BROOMFIELD – Shares of restaurant chain Noodles and Co. (Nasdaq: NDLS) plunged 18 percent in after-hours trading Tuesday following the release of a first-quarter earnings release that fell short of analyst expectations and adjusted earnings guidance significantly downward.
The Broomfield-based company reported a loss of $2.8 million, or 9 cents per diluted share, after seeing a profit of $1.4 million, or 5 cents per share for the same period last year. That’s despite revenue climbing 18.1 percent versus a year ago to $104.8 million.
Noodles shares had risen 51 cents to close at $20.71 on Tuesday. But within an hour of the earnings report’s release, they’d plunged to a new 52-week low of $16.90. The shares have lost more than half their value since closing at $35.48 on June 26 of last year.
After issuing guidance in February for adjusted diluted earnings per share growth of 20 percent for the full year of 2015, Noodles revised that metric, noting that it now expects the growth to remain flat this year.
The company attributed the revenue growth to the opening of new restaurants as well as the acquisition of 19 franchise restaurants and an increase in sales at comparable base restaurants. But CEO Kevin Reddy also acknowledged “sales challenges” in a few parts of the country, including Colorado.
While comparable restaurant sales grew 0.9 percent company-wide since the first quarter of last year, such sales climbed 3.2 percent when Colorado, the Washington D.C. area and Austin, Texas are excluded.

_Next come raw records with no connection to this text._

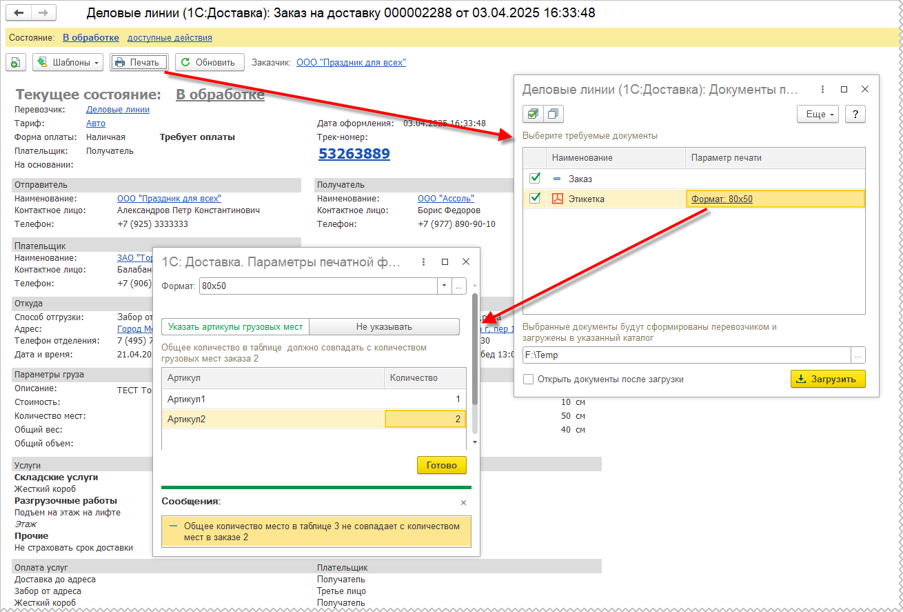 При вызове команды печати из формы заказа, если этикетка для заказа ранее не формировалась, в параметрах печати можно указать формат и наименования артикулов грузовых мест. Контролируется общее количество грузомест, охватываемых артикулами.
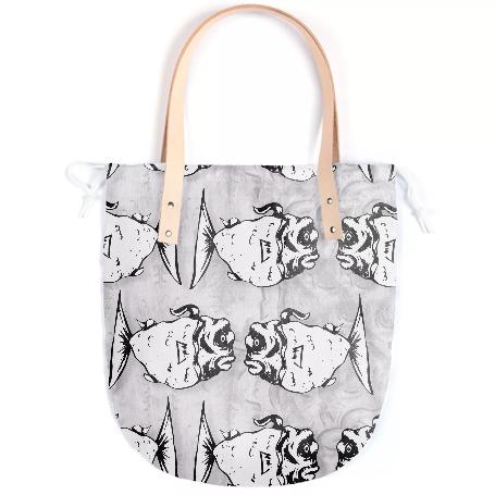The Summer tote features a round bottom shape small inside patch pocket and tan or black leather handles.
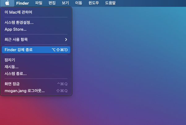 상단 메뉴바의 애플 아이콘을 클릭하면 나오는 메뉴 중 강제종료 버튼을 클릭합니다.
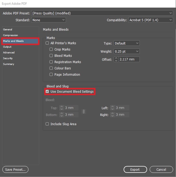 TIP: If you use a program like InDesign, select Use Document Bleeds in the Export PDF dialogue box to ensure your files include a bleed (see above).
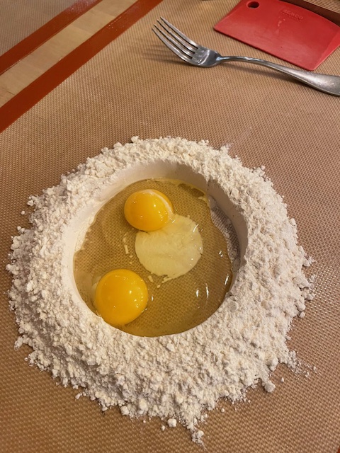 - 1. Mound the flour on a clean surface and make a well in the center. Add eggs and salt.
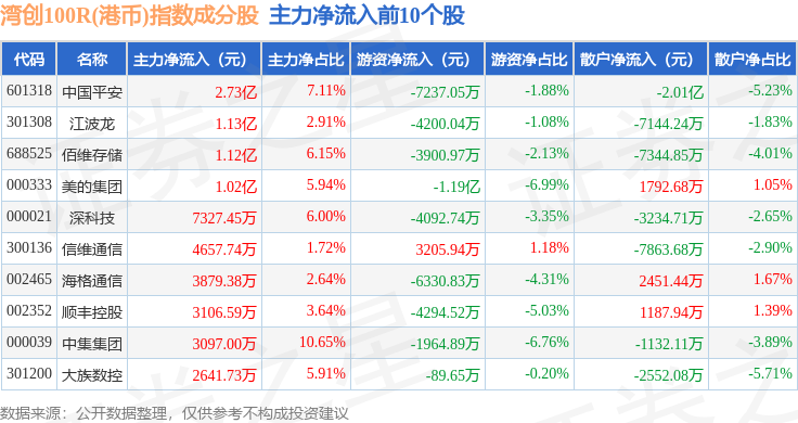 资金流向方面,湾创100R(港币)(480002)指数成份股当日主力资金净流出合计69.82亿元,游资资金净流入合计22.2亿元,散户资金净流入合计47.62亿元。成份股资金流向详情见下表:

“We are confident that we understand our opportunities in these markets and are aggressively working on returning them to the success that we are seeing in the balance of the country,” Reddy said in a press release.
Noodles, finished the first quarter with 455 restaurants, including 399 company-owned and 56 franchise locations. That includes 16 new restaurants opened in the first quarter, including the first locations in Arizona and Montana.